Summary of main nervous system traits found to be variable across the twelve species of Naididae presented in this study. Character states with an asterisk (*) are based on observations of poor quality images and should not be considered as confirmed. See Main Text and Additional file 19 for explanation of traits. Abbreviations by row: Subfamily - T: Tubificinae; P: Pristininae; R: Rhyacodrilinae; N: Naidinae; brain - pr: prostomium, pe: peristomium, s1: chaetigerous segment 1; s2: chaetigerous segment 2; x/y: boundary between x and y; prostomium shape - prob: proboscis; ganglion type – non-sep: non-septate, sep: septate.

Below, we first synthesize the results of our comparative analysis of the nervous system morphology of the 12 naidid species we studied, giving an overview of the common patterns of nervous system components, followed by remarks on their variability. We then discuss the implications of our findings for understanding the stability or lability of neural traits, and the consequences of finding the appropriate homology criteria for inferring the naidid, clitellate and annelid ancestor.

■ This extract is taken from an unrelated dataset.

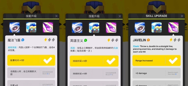“盾王”一技能是扔出盾牌,造成一点伤害和2秒眩晕,三级时可以造成3点伤害;二技能是当只剩下自己时处于无敌状态3秒,满级时持续7秒;三技能是在一条直线上扔出长矛,穿透敌人,最多可造成6点的伤害。

Overview of naidid nervous system components

The general body and nervous system morphology of all naidid species examined follows the basic clitellate plan (Figure 1A, B and Additional file 11: Figure S11). The nervous system of naidids has three main components: the anterior brain and associated peripheral nervous system, the ganglionated ventral nerve cord, and the segmental peripheral nerves (Figure 1B). The brain, located dorsal to the mouth, is a paired bilobed structure composed of an outer cell cortex (comprising neuron cell bodies and supporting cells) surrounding an inner neuropil (formed by cell free neurites, or neuronal processes), and is linked to the ventral nerve cord by paired circumesophageal connectives, which also connect to paired sets of prostomial peripheral nerves. The prostomium is usually cone-shaped, but may be blunt (Monopylephorus, Paranais), elongated into a proboscis (Pristina, Stylaria), or very reduced (Chaetogaster). Stylaria and Nais have a pair of lateral pigment-cup eyes located near the posterior edge of the prostomium; other species we studied are eyeless. The ventral nerve cord runs longitudinally down the length of the animal, between the ventral blood vessel and the ventral body wall (Additional file 11: Figure S11). It is composed of clusters of cell bodies (ganglia) linked by short connectives. There is one ganglion per segment, plus a subesophageal ganglion at the anterior end of the cord (Figure 1B); the cell cortex is trough-shaped and a neuropil runs through the trough (Additional file 11: Figure S11). In each segment, a number of peripheral segmental nerves (variously referred to in the literature as ring, circular, peripheral or segmental nerves) branch off perpendicular to the nerve cord (Figure 1B, Additional file 11: Figure S11A). These nerves, designated nerves I to IV based on the antero-posterior order of their roots along the ganglion, pass through the body wall’s muscle layers and run between the muscle and outer epidermis to the dorsal side of the animal.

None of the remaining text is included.